The chronology and veracity of all these reports may or may not have been entirely accurate but the ultimate outcome remains the same - Moore will, next season, no longer be a Leinster player.

And, more crucially from a player who has yet to establish himself at Ireland level despite ten substitute appearances, it will more than likely mean a suspension of his international career, given the IRFU's track record of abandonment of players once they ply their trade overseas (Jonathan Sexton being the clear and obvious exception to this rule).

Even had the purported intervention of Ireland's head coach and his assistant Greg Feek - who had been contacted by somebody close to Moore indicating the player's reluctance to move - been successful, it appears the horse had already long since bolted.

The stable door had been slammed shut when the heads of an agreement had been signed on the Wasps' contract, effectively meaning that somebody - Leinster or the IRFU - would basically have to buy out his contract in order to refurnish him with terms that were less lucrative, if more palatable to the player.

For all that, the player, it is being alleged by those closest to him, has been "railroaded" into signing his new deal, it must also be pointed out that nobody actually forced him to to agree to it.

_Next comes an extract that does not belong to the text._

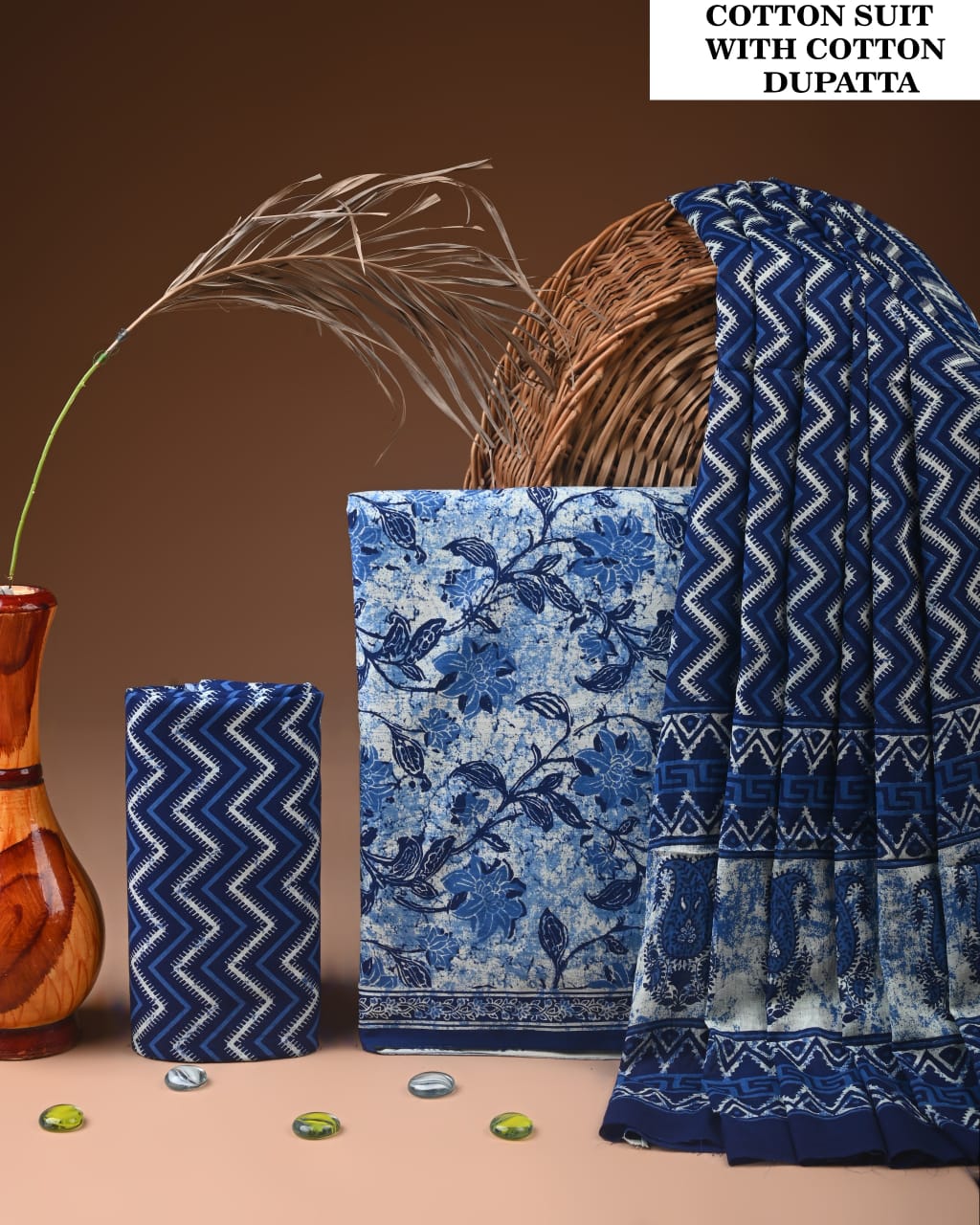 Traditional Bagru Print Cotton Suit with Chiffon Dupatta (BCTCOTCF23)
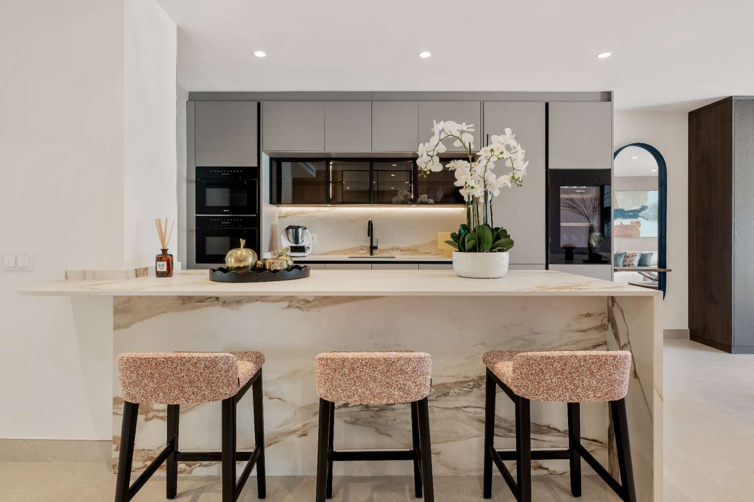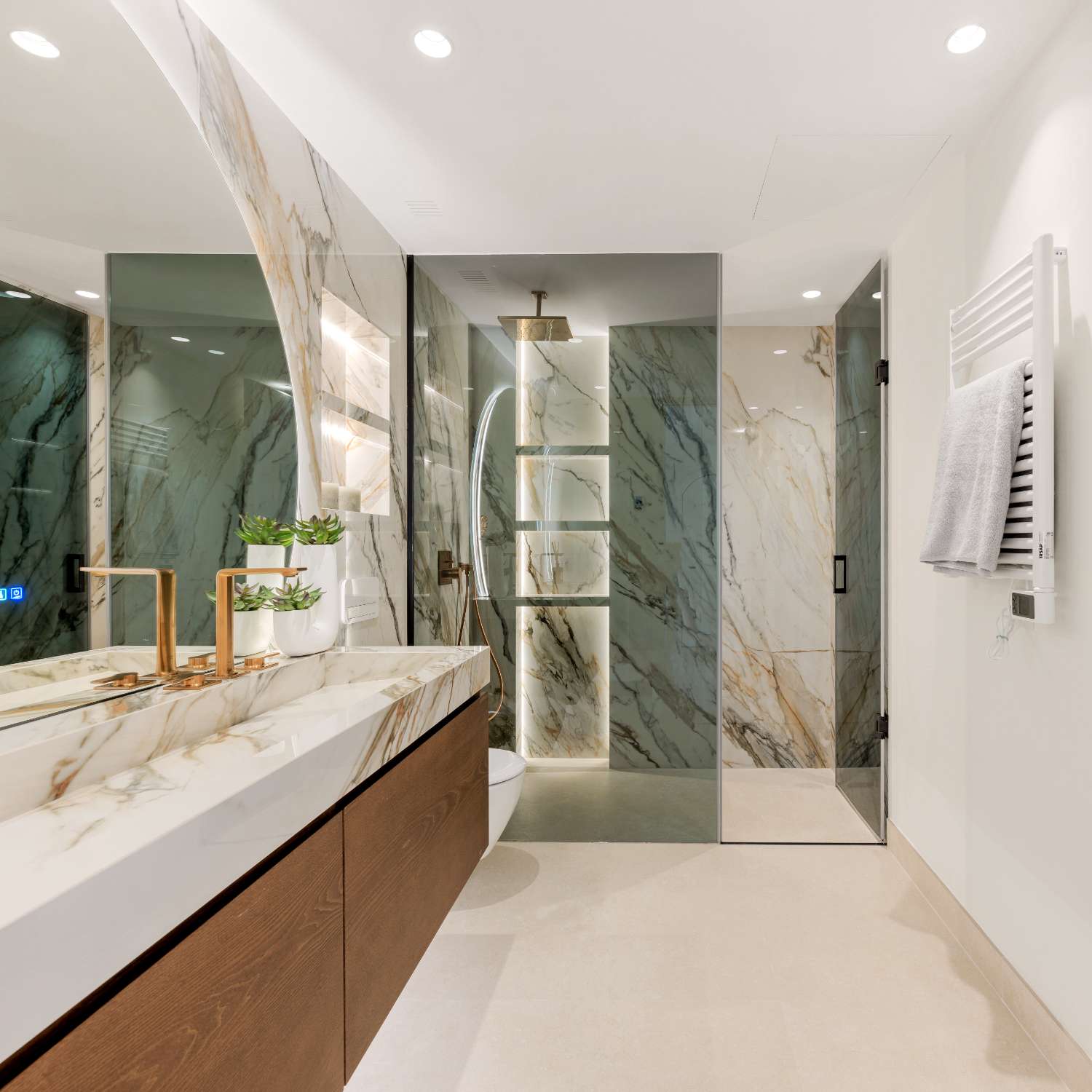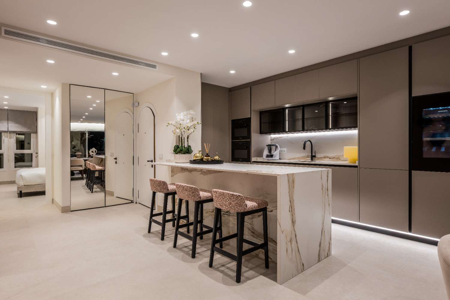 Diseñado con elegancia y confort, el apartamento cuenta con una distribución abierta que incluye una cocina de diseño totalmente equipada con electrodomésticos alemanes de alta gama y un comedor luminoso y elegante. Extras sofisticados como una chimenea eléctrica, un sistema de sonido Bang & Olufsen y armarios a medida realzan el espacio.

Regardless of whether or not an agent stands to win or lose by the terms of the arrangement he strives to get for his talent, it is up to the talent himself to make the final decision.

At 24, despite his relative inexperience, Moore is still a fully functioning adult and, much as Jonathan Sexton felt he had to move in a protest against not being rewarded what he felt was his worth, it is still the player's signature which appears on the bottom line. No-one else's.

Wasps' director of rugby Dai Young may well have been informed that the player was seemingly unhappy about the proposed move but if the player himself ends up signing the contract nonetheless, it is difficult for him to do much about it.

It may be a while until he wins his next cap though. Moore (left) will earn a decent sum from this three-year stint - perhaps as much as €600,000 - but only he knows what the intangible cost to his long-term career might be. The decision cannot be changed now. Only his reaction to it.

The IRFU must react, too, with Schmidt now under more pressure than ever to prove that his international side can retain their relevance just when it seems that the provinces are starting to cede all theirs.